In 1370, Catherine received a vision of Purgatory, Heaven, and Hell, that told her to go into public life. So, Catherine began doing accomplishments for the world, like trying to reform the clergy and the Papacy's states, trying to restore peace to Italy, and trying to unite all Christians. Sometime after 1375, Catherine was sent on a mission by the Pope to keep Pisa and Lucca's neutrality. Then, in June 1376, Catherine became the ambassador of the Florentines in Avignon. She tried to make peace and failed, but she did convince the Pope to return to Rome.

In 1377, Catherine learned the skill of writing, for she had always depended on her "secretaries" to accomplish that task for her. Then, in 1378, she was sent once more on a peace mission to Florence. This time she succeeded, although an attempt was made on her life while she was there.

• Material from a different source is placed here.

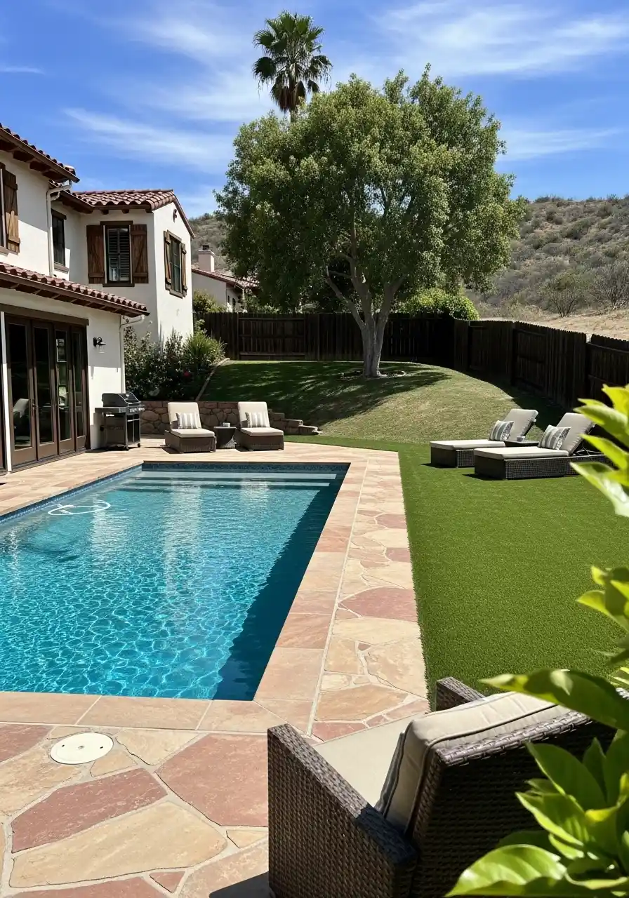 If you want backyard pool landscaping with a lawn focus, you have to keep the grass healthy or it looks sad fast. Use stepping stones or a small path so people aren’t wearing a dirt trail into the lawn. Also, keep the pool decking wide enough for loungers so nobody drags chairs across the grass. And I’d add a low retaining edge on the slope to stop erosion. Slopes + pools can get messy if water runs the wrong way.

In November 1378, Catherine was summoned by the Roman claimant Urban VI to work towards the Catholic church's reformation. Then, in 1380, she created a reconciliation between Pope Urban VI and the Roman Republic. However, she died soon after on April 29, 1380 in Rome. The many works that she completed, including "Dialogue", around 400 letters, and a series of "Prayers", are now classics of Italian literature.